The scientists discovered something interesting: the idea of a possible "inoculation" against fake news. They focused on one of the biggest lies from climate change deniers, that scientific opinion isn't actually agreed upon it (it is). They found that showing people a misinformation campaign about climate change and then a factual presentation on it "cancelled out." People didn't shift their opinions at all. (Frustrating.) Then they used what they call a "psychological vaccine," in two types. One was a "general" one, warning that "some politically-motivated groups use misleading tactics to try and convince the public that there is a lot of disagreement among scientists." The other was a "detailed" one that picked apart the misinformation campaign pretty decisively.

Showing people the general vaccine influenced a 6.5 percent shift in favor of the genuine climate change message. The detailed vaccine influenced a whopping 13 percent shift.
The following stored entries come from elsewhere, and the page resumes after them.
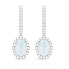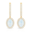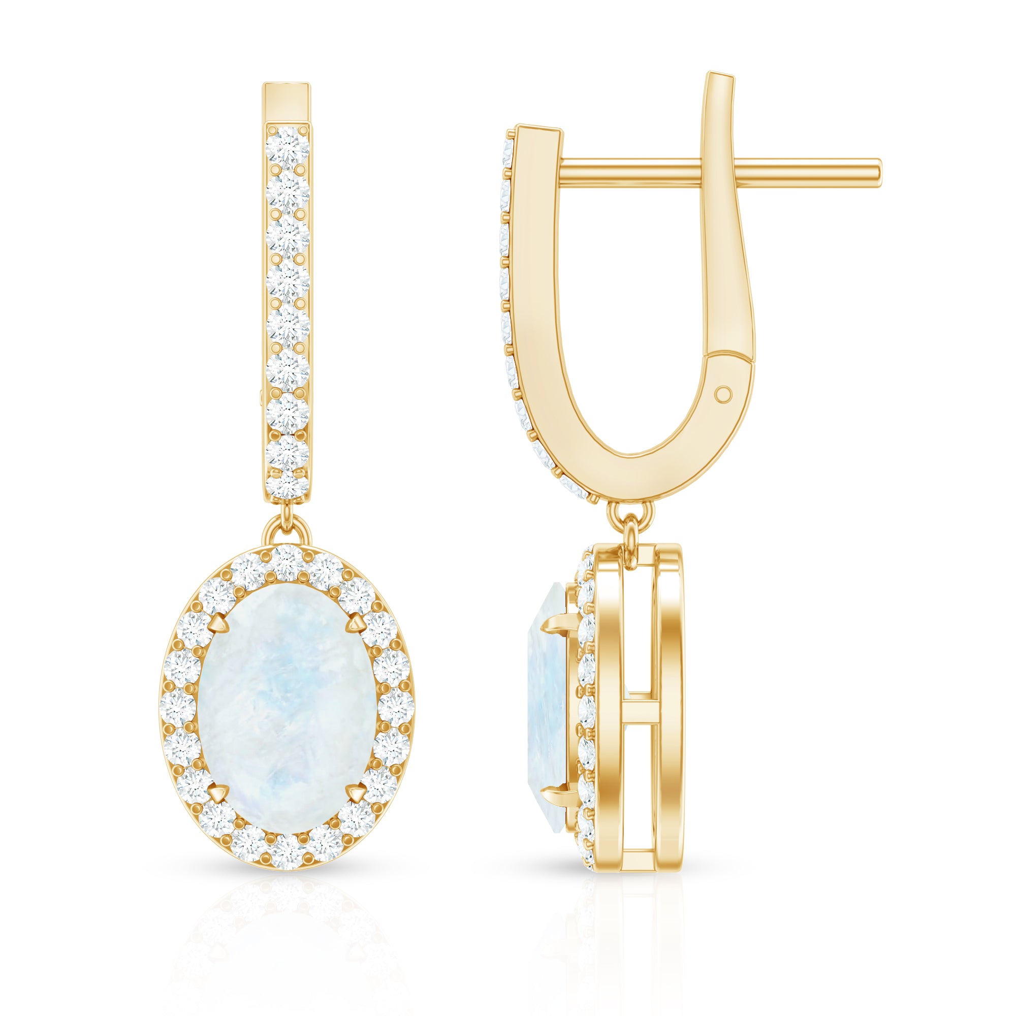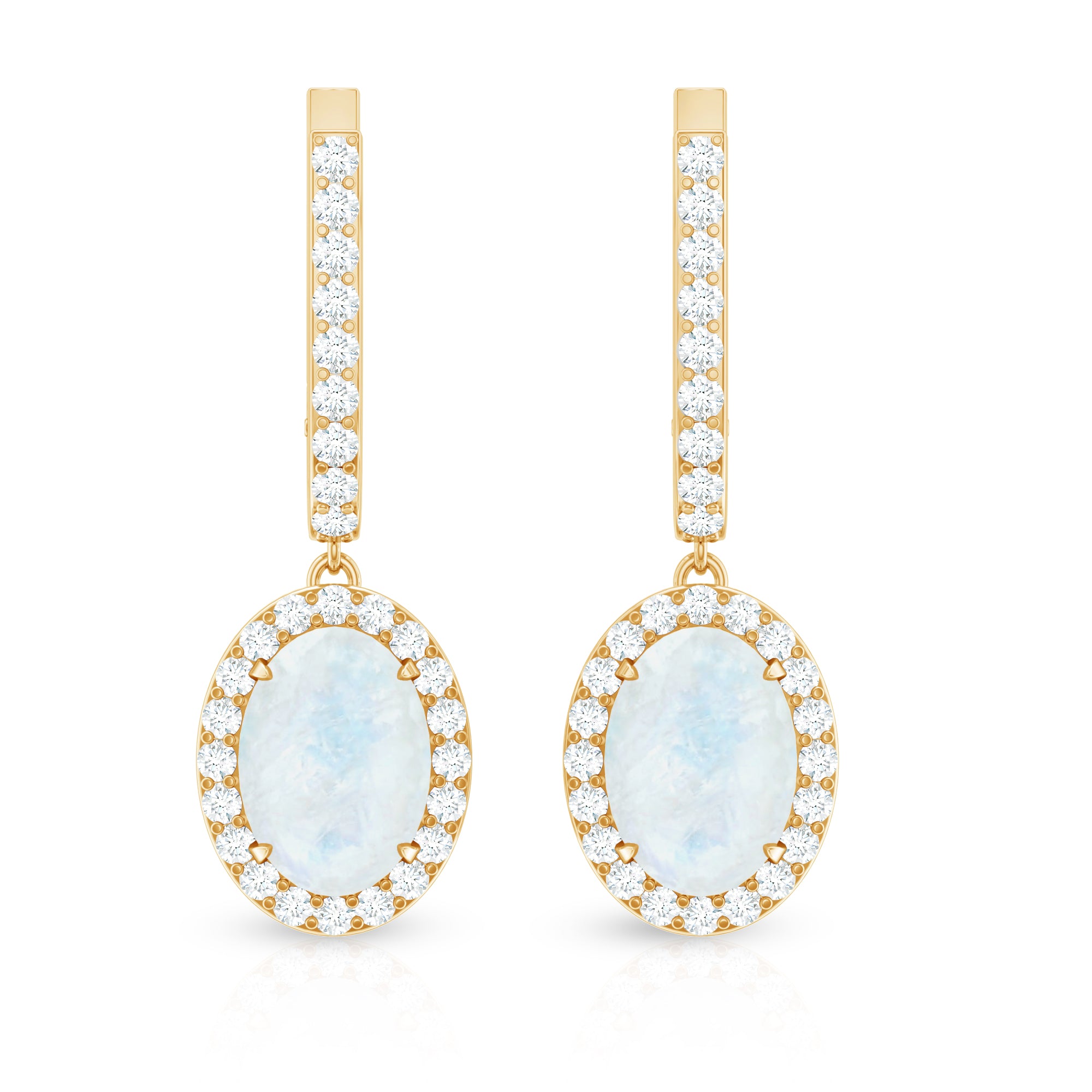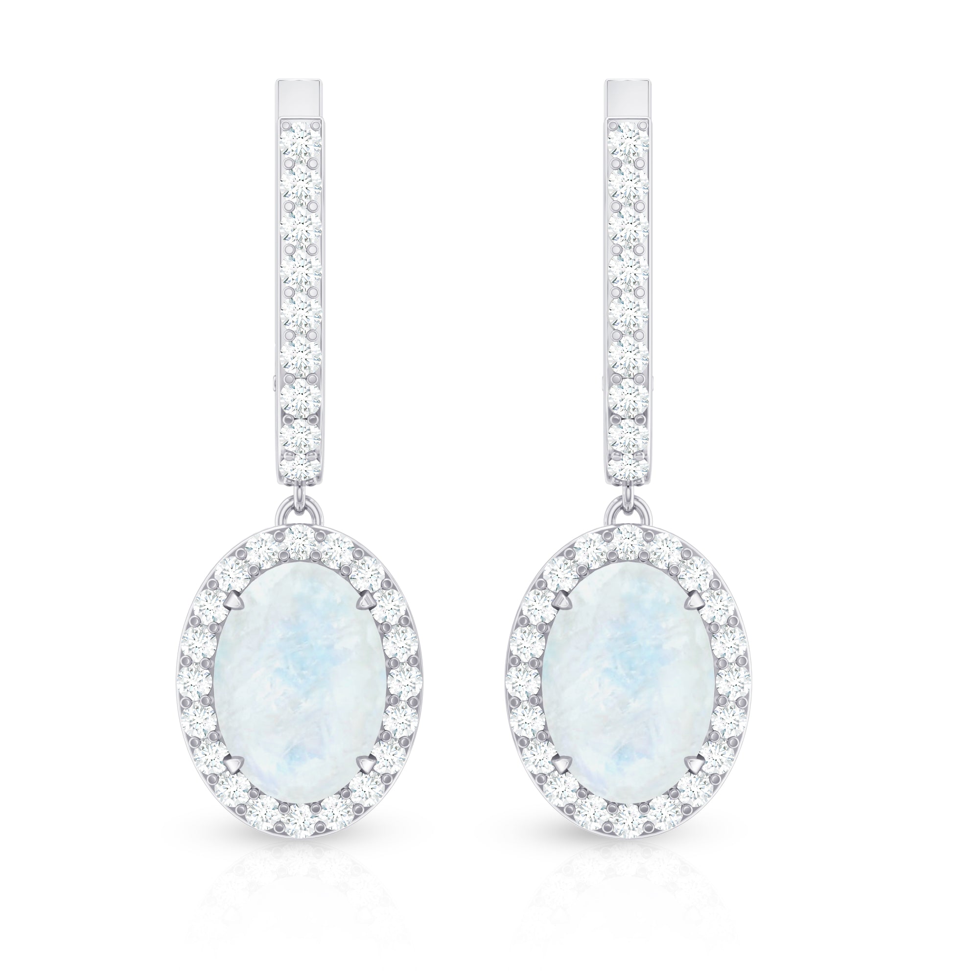 Celebrate this mothers day with stunning and beautiful Drop Hoop Earrings for your loving mother. These Earrings adorned with Oval Cut Moonstone in Claw Setting with Diamond Halo, crafted in Solid Gold Metal.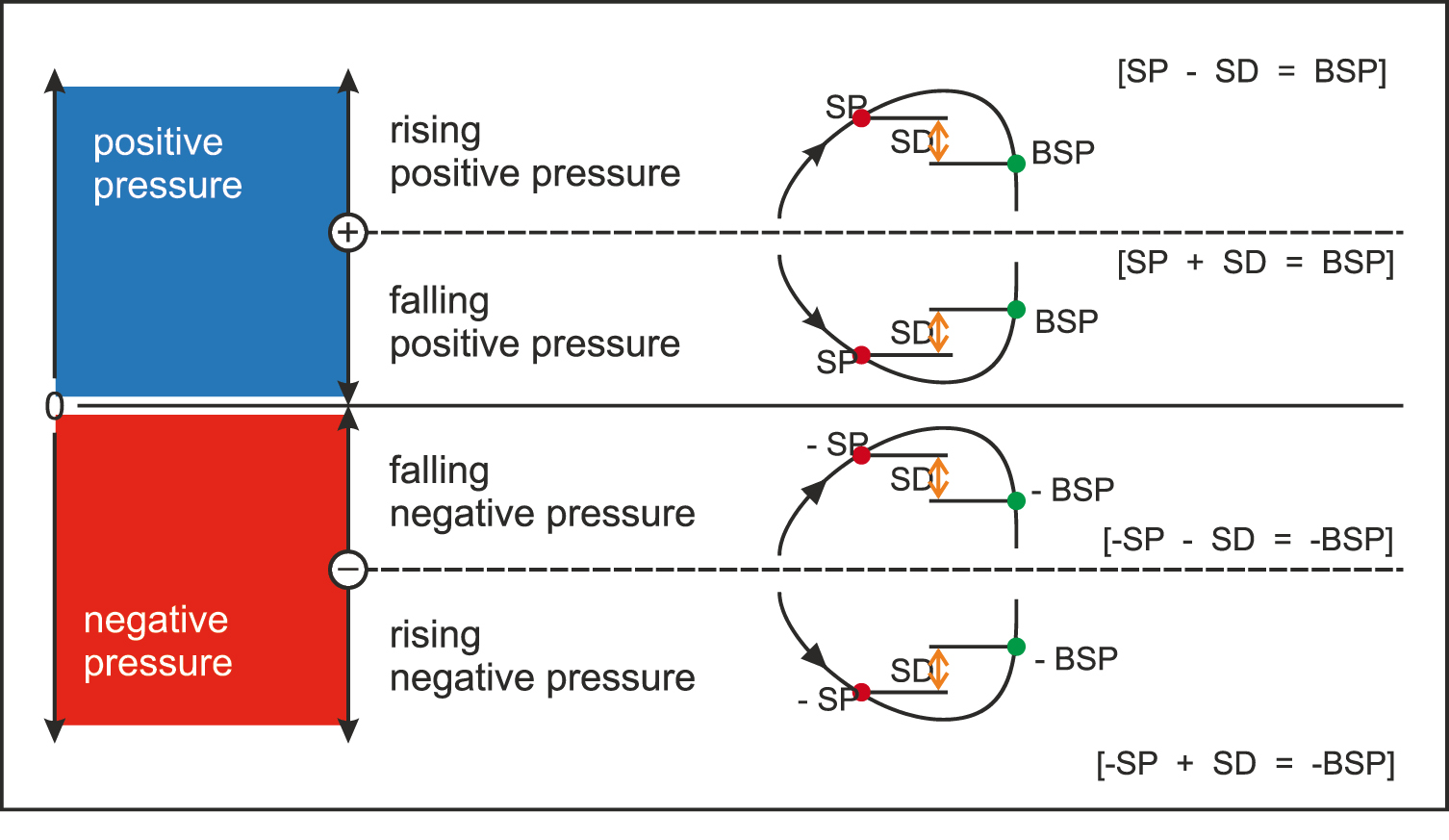 Each switching contact has a setpoint (● SP). This setpoint corresponds to a pressure value setted on the pressure switch.
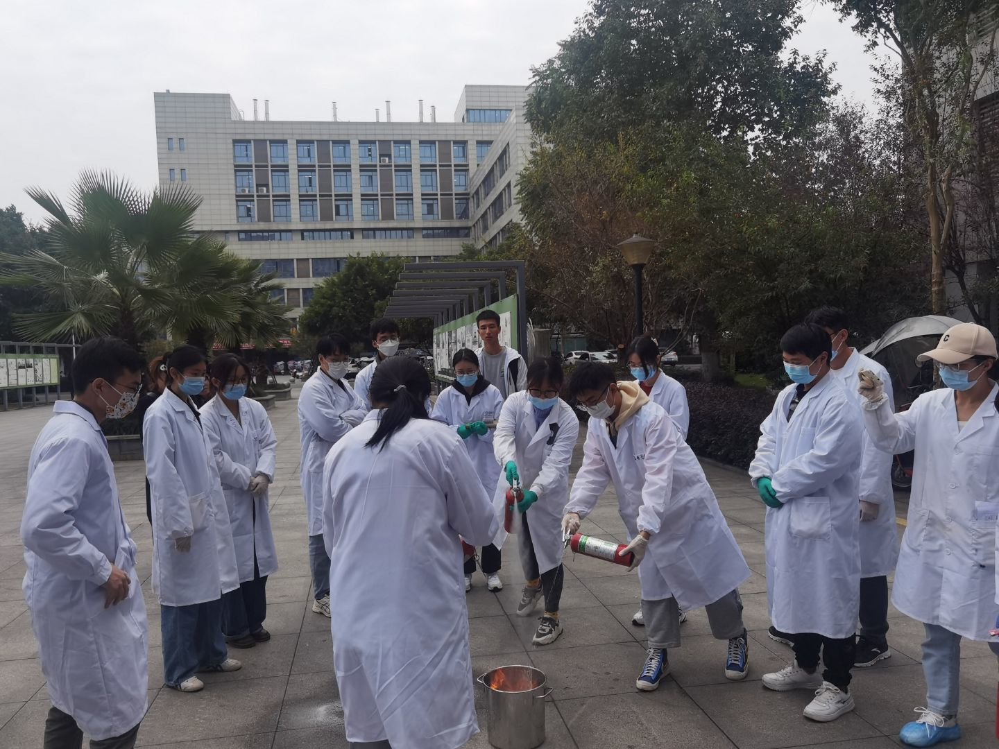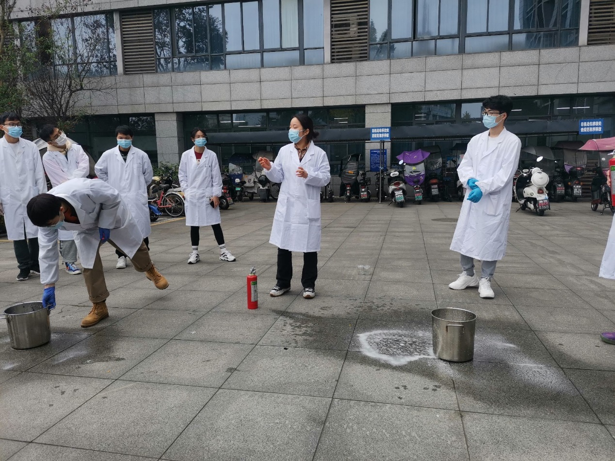 本次培训不以1对N的教教方式进行,而是针对不同实验环境、不同课题方向群体,以实地演练结合现场案例讲解的方式分批分类组织开展。参加第一批次培训的风院研究生新生是园林研究所植物研究方向的2022级研究生。在相关负责老师的带领下,由高年级研究生分别通过正反面操作案例示范演练和互动讨论的方式,为参训员工详细讲解实验室管理与规范,重点仪器设备安全风险点、操作要领、常见问题及处置措施、防护设施应用场景和应急预案等。同时,结合实操训练,培训还在空旷场所开展了消防安全演练,就灭火器、灭火毯等消防用具的使用方法进行了详细讲解与实地灭火演练,增进员工的学习体验效果。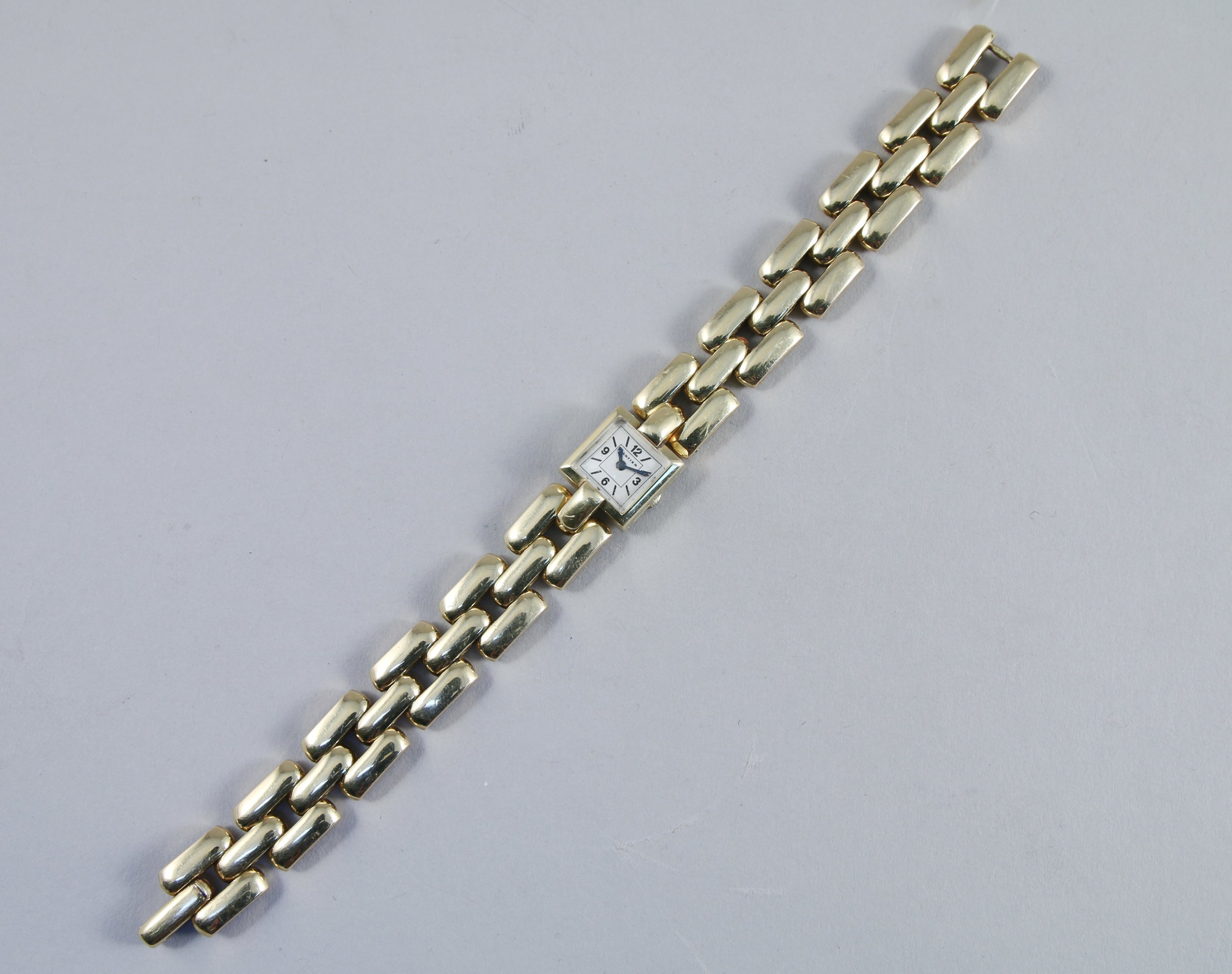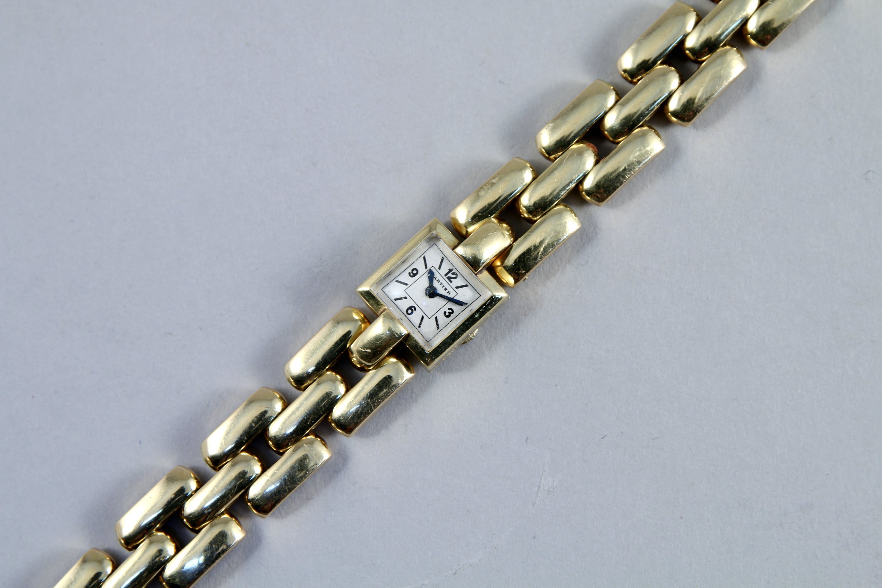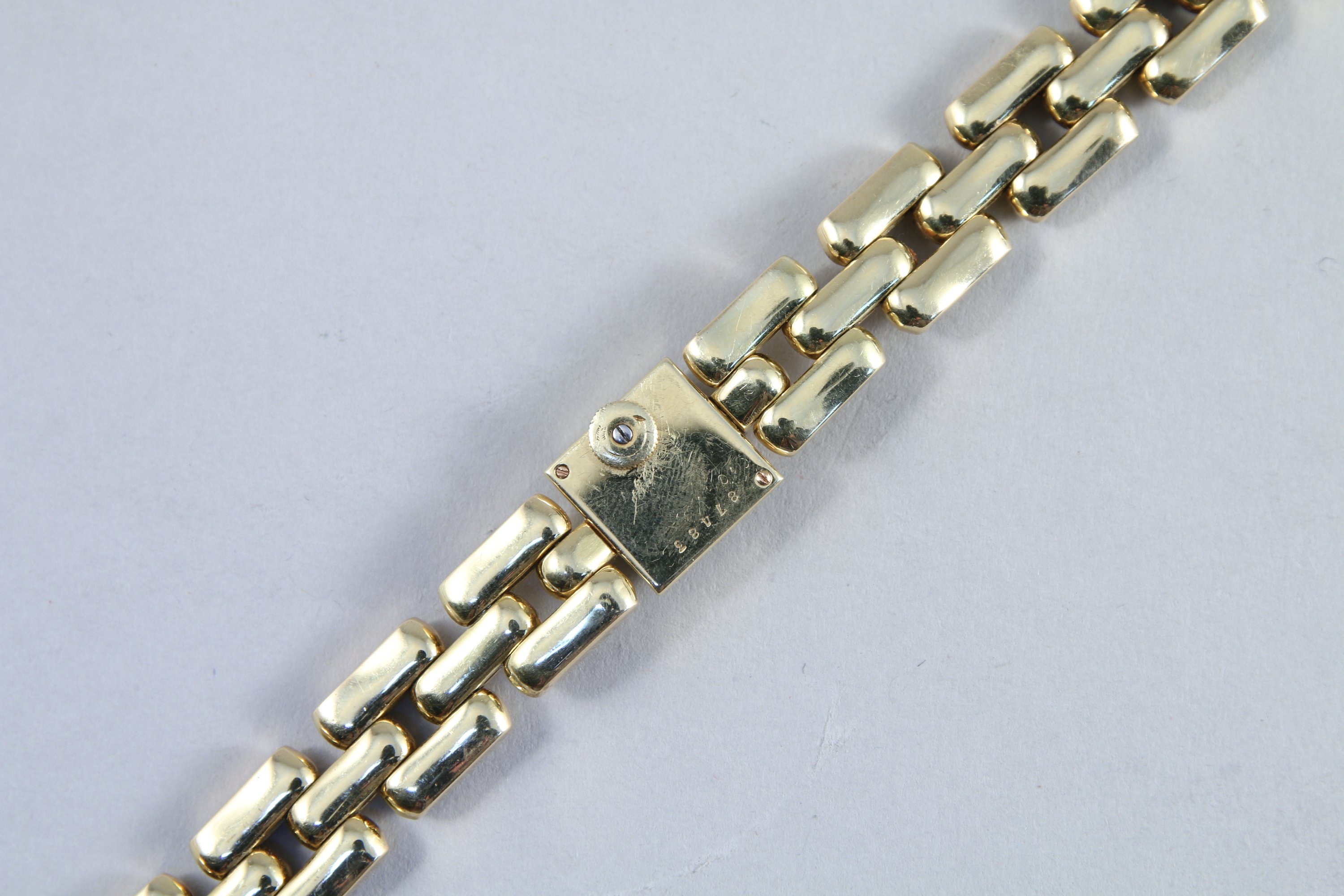 CARTIER. MONTRE de DAME et son BARCELET TANK en or jaune 750 millièmes. Le cadran carré signé est gradué avec en chiffres arabes "3, 6, 9 et 12" heures. Remontoir manuel sous le boitier en o, qui est numéroté "87483". Les douze maillons en or jaune du bracelet sont articulés.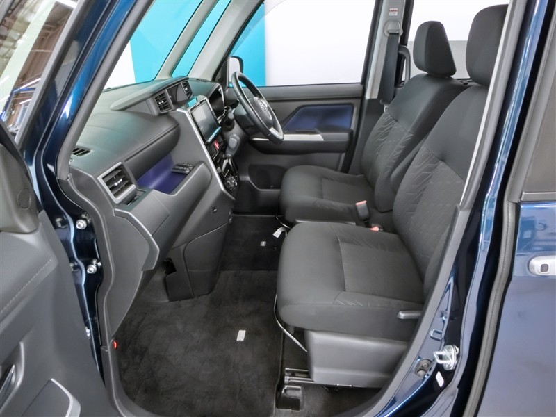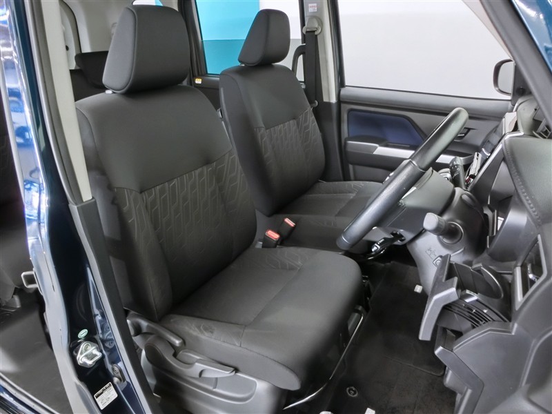助手席側からの前席ビューです。ファブリックで包み込んだベーシックなシートです。通気性が良くて蒸れにくい上に、保温性も高いので冬場でも冷えを感じにくいです♪
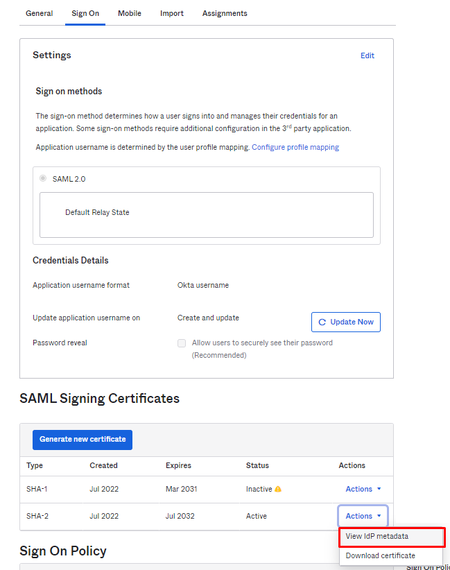 At the Okta SignOn, select SAML Signing Certificates > Actions drop down > View IdP metadata.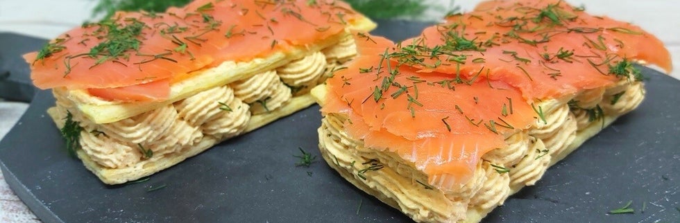 - Smeer een dun laagje cream cheese op 2 van de plakjes bladerdeeg en leg daar de zalm bovenop.

And, interestingly, the scientists found that the vaccines "were equally effective in shifting the opinions of Republicans, Independents and Democrats in a direction consistent with the conclusions of climate science."

What You Can Do To Combat It

If you want to argue the point with Uncle David on Facebook for hours, you may have better uses for your time. And an interesting new tool might help you out. Hoaxy, the brainchild of the Observatory on Social Media at Indiana University, has been conceived as a way of tracking how various claims manage to spread through social media and other forms of communication, and what organizations are debunking them. One fake news story about a lying climate change scientist, for instance, shows its origins in a single Tweet from a non-reputable source. It's a way to judge accuracy via debunking, and see how fast various stories are spreading.

Tools from both Google and Facebook to provide fact-checking on various news stories are also in preparation across the U.S. and Canada, though it's as yet unclear how they'll function in full. As trust in news remains embattled, it's likely going to be a long slog to understand and verify the information coming at us from all directions.